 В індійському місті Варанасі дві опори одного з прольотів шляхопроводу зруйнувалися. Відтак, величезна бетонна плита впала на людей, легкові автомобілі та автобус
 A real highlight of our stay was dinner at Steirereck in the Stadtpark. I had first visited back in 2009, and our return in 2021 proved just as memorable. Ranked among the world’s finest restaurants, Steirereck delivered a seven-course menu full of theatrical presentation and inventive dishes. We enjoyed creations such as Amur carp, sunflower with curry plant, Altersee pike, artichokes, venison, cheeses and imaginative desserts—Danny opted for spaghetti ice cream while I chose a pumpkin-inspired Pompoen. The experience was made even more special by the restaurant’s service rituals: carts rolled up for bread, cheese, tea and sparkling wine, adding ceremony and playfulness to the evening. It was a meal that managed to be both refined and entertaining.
---
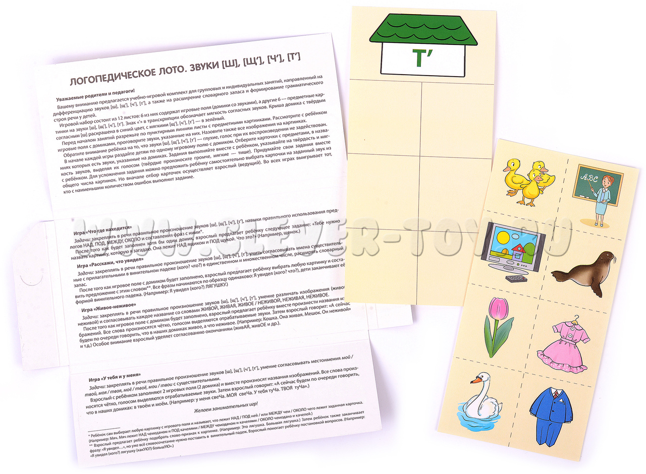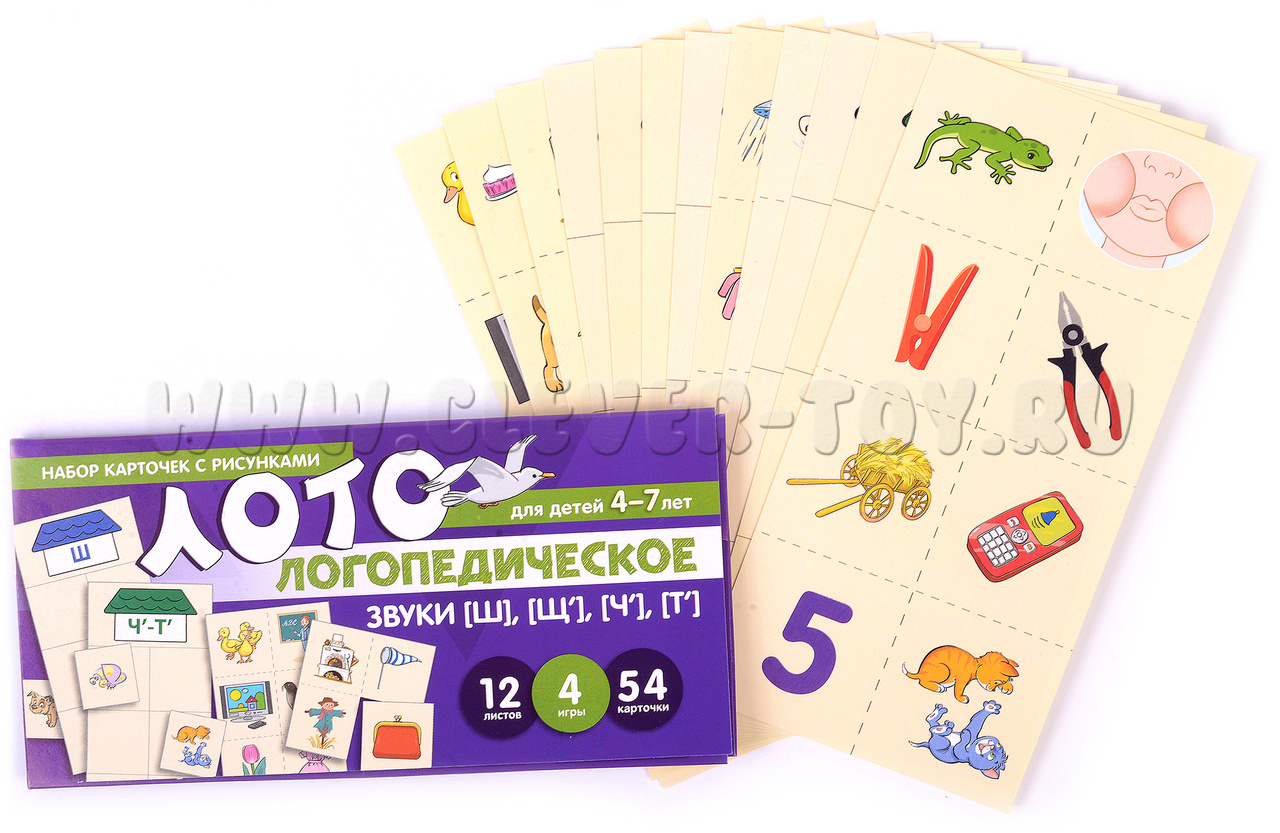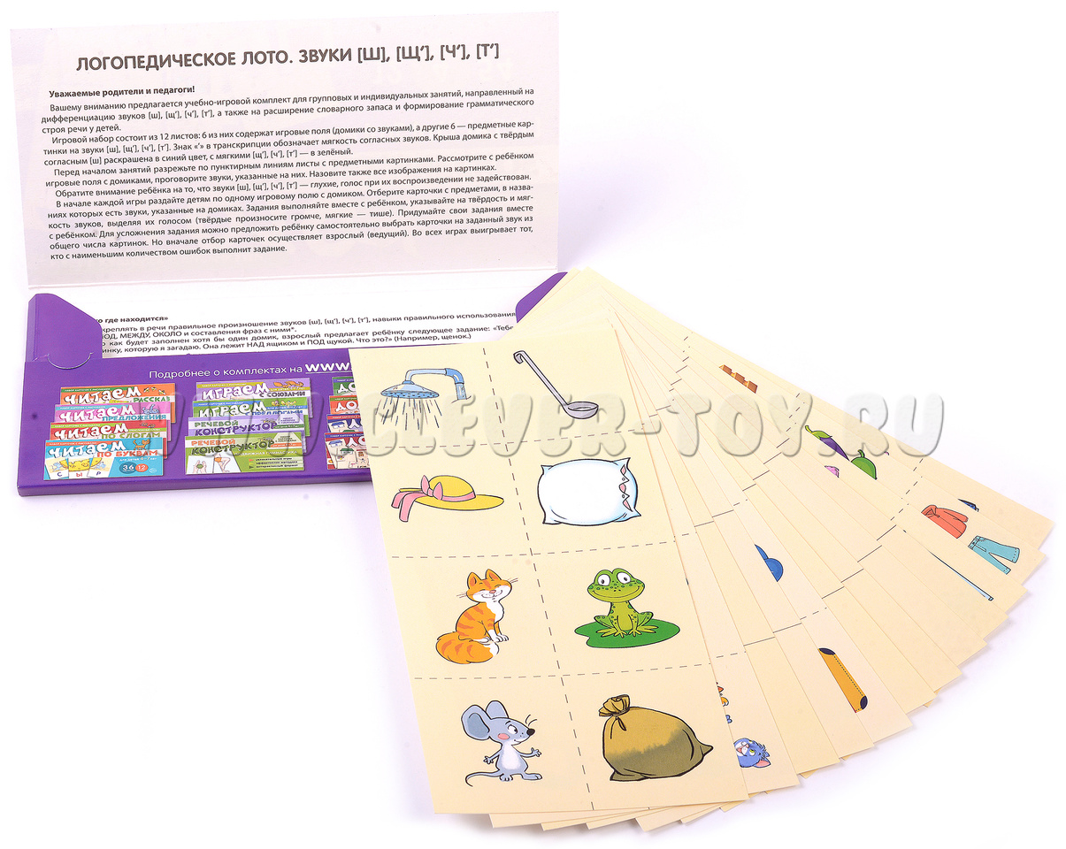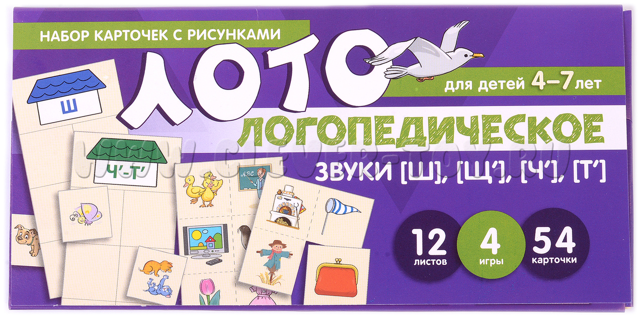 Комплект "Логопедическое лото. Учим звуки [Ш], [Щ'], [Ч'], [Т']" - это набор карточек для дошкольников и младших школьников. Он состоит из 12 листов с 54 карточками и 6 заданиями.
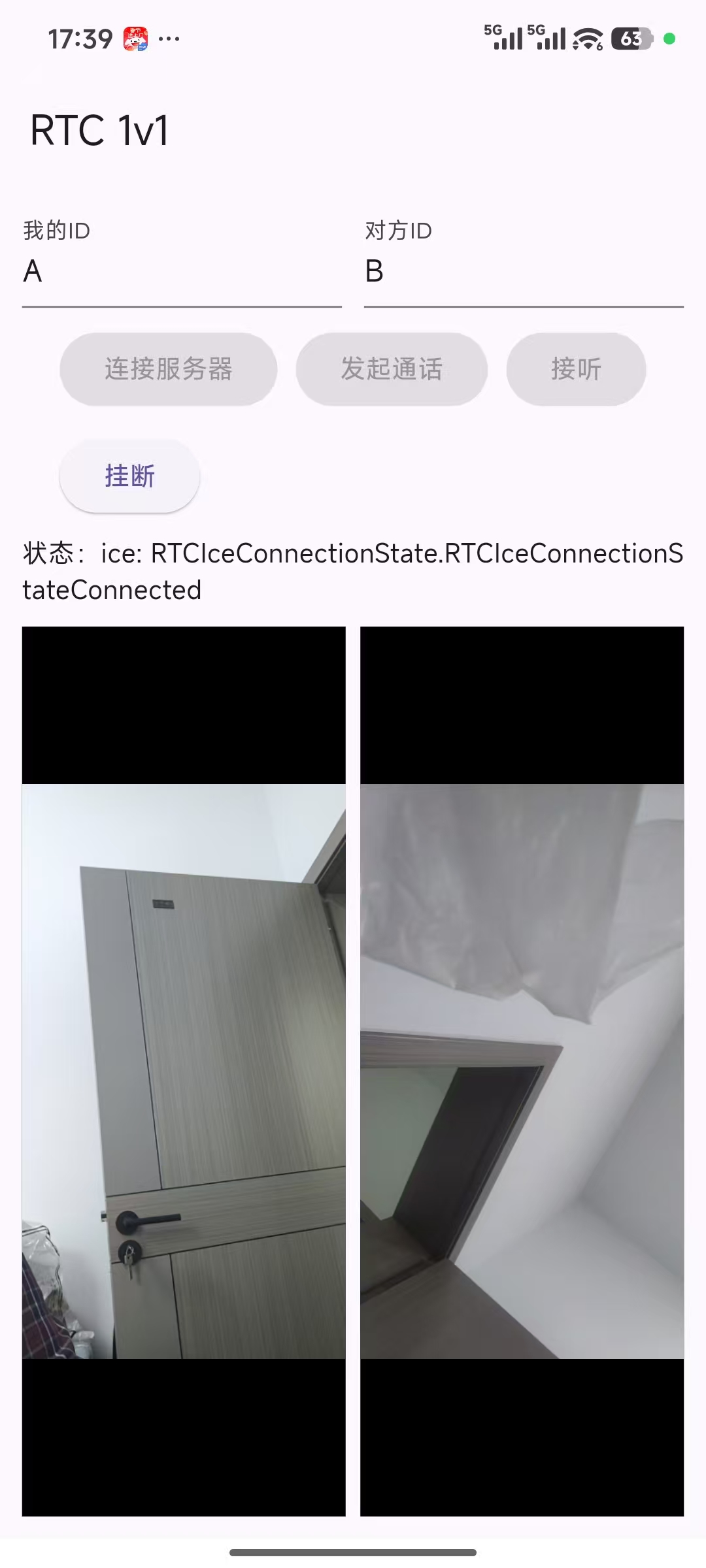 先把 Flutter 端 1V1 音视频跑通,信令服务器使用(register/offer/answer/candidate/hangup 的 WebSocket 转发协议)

*What needs to be done*. With the first line being the one containing "В індійському місті" and the last line the one containing "A real highlight", transcribe exactly the lines above that fall in that range.

*Answer space*.
 В індійському місті Варанасі дві опори одного з прольотів шляхопроводу зруйнувалися. Відтак, величезна бетонна плита впала на людей, легкові автомобілі та автобус
 A real highlight of our stay was dinner at Steirereck in the Stadtpark. I had first visited back in 2009, and our return in 2021 proved just as memorable. Ranked among the world’s finest restaurants, Steirereck delivered a seven-course menu full of theatrical presentation and inventive dishes. We enjoyed creations such as Amur carp, sunflower with curry plant, Altersee pike, artichokes, venison, cheeses and imaginative desserts—Danny opted for spaghetti ice cream while I chose a pumpkin-inspired Pompoen. The experience was made even more special by the restaurant’s service rituals: carts rolled up for bread, cheese, tea and sparkling wine, adding ceremony and playfulness to the evening. It was a meal that managed to be both refined and entertaining.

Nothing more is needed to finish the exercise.